▸ Problem statement
Exclude the pictures, then repeat exactly each line from the one containing "Immunofluorescent analysis of" to the final line of the records that follow.

▸ Given data
══════════

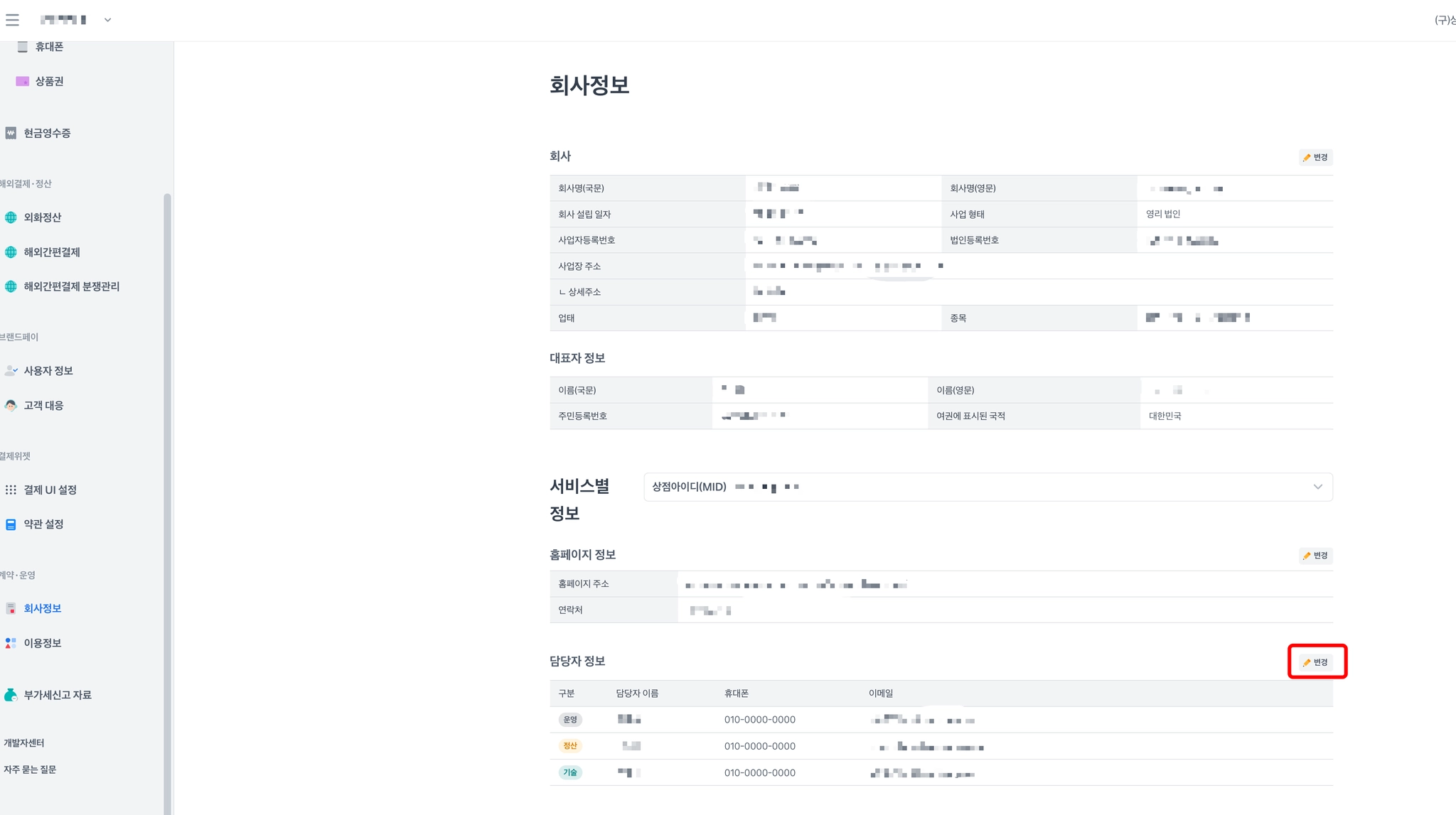담당자 정보 변경을 눌러주세요.
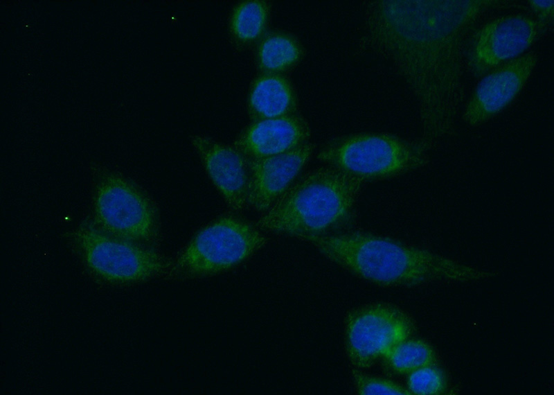 Immunofluorescent analysis of (10% Formaldehyde) fixed HeLa cells using Catalog No:110418(EXTL2 Antibody) at dilution of 1:50 and Alexa Fluor 488-congugated AffiniPure Goat Anti-Rabbit IgG(H+L)
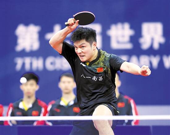 羊城晚报讯 记者魏超然报道:昨晚在第七届世界军人运动会男子乒乓球团体决赛中,名将樊振东领衔的中国队以3比1战胜朝鲜队,夺得冠军,这是军运会历史上决出的首枚乒乓球项目金牌。
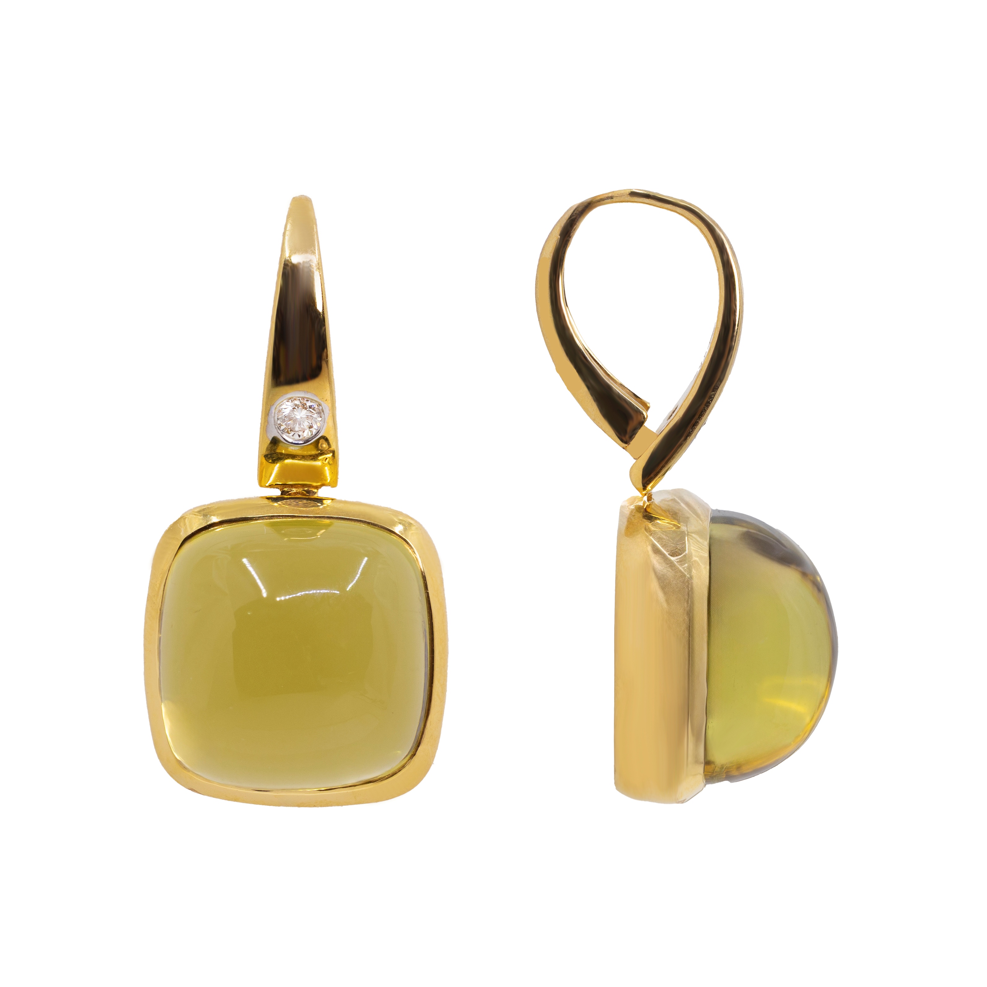 Cercei Aur Galben 18k, Lemon Cuart 24 ct, Diamante 0.08 ct
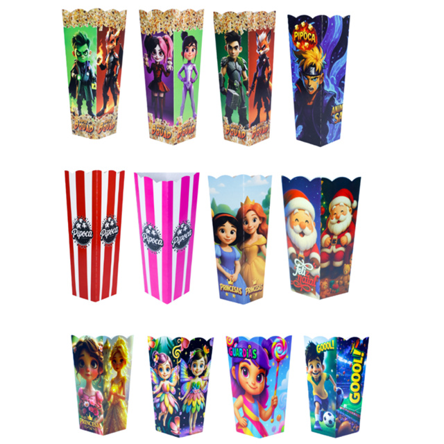 Caixinha Caixa Para Pipoca Nº04 Média Festas e eventos 50 Unidades Diversos Modelos
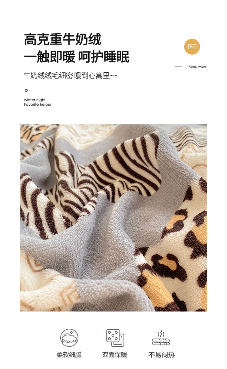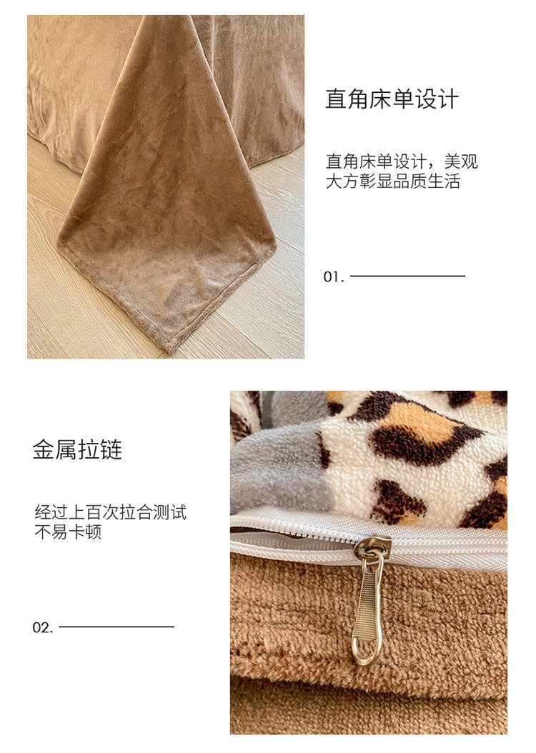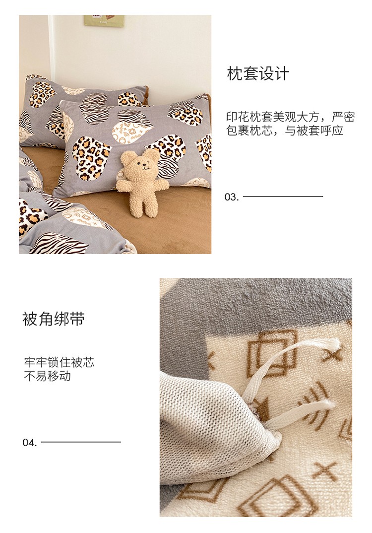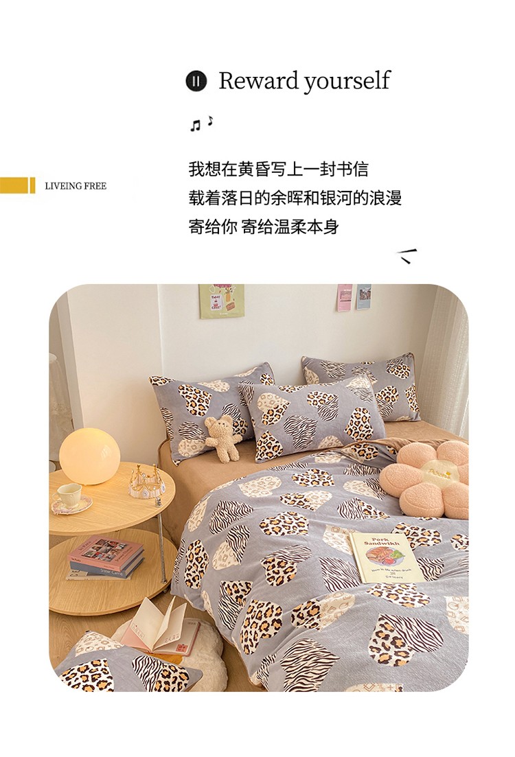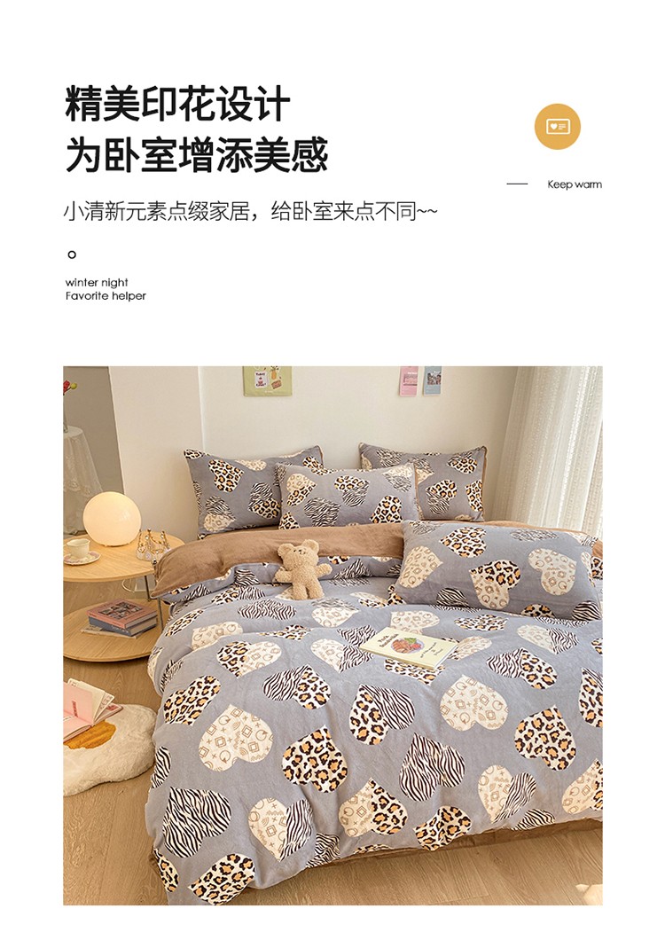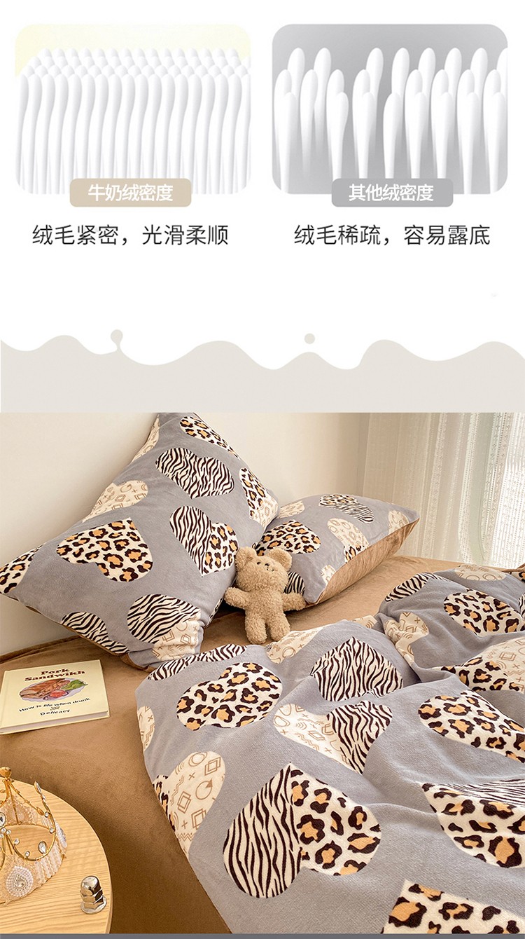 商品名称:雅居纺 2022新款印花牛奶绒四件套 爱心豹纹灰
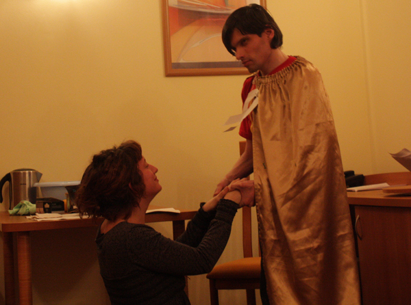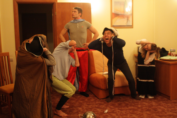Using the “Theatre from wheels” method, our stage director Alexander Kolmanovsky put on scenes from Shakespeare’s Twelfth Night.
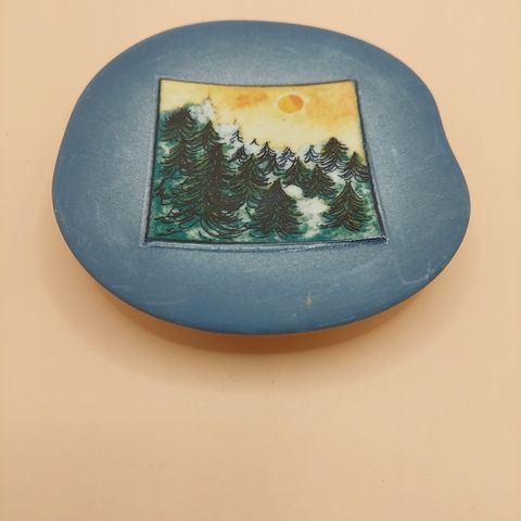 Arabia Heljä Liukko-Sundströmin suunnittelema seinälautanen 12,5x12,5cm kokoisena. Kuvapuolella ei jälkiä tai lohkeamia.

══════════

▸ Answer space
 Immunofluorescent analysis of (10% Formaldehyde) fixed HeLa cells using Catalog No:110418(EXTL2 Antibody) at dilution of 1:50 and Alexa Fluor 488-congugated AffiniPure Goat Anti-Rabbit IgG(H+L)
 羊城晚报讯 记者魏超然报道:昨晚在第七届世界军人运动会男子乒乓球团体决赛中,名将樊振东领衔的中国队以3比1战胜朝鲜队,夺得冠军,这是军运会历史上决出的首枚乒乓球项目金牌。
 Cercei Aur Galben 18k, Lemon Cuart 24 ct, Diamante 0.08 ct
 Caixinha Caixa Para Pipoca Nº04 Média Festas e eventos 50 Unidades Diversos Modelos
 商品名称:雅居纺 2022新款印花牛奶绒四件套 爱心豹纹灰
Using the “Theatre from wheels” method, our stage director Alexander Kolmanovsky put on scenes from Shakespeare’s Twelfth Night.
 Arabia Heljä Liukko-Sundströmin suunnittelema seinälautanen 12,5x12,5cm kokoisena. Kuvapuolella ei jälkiä tai lohkeamia.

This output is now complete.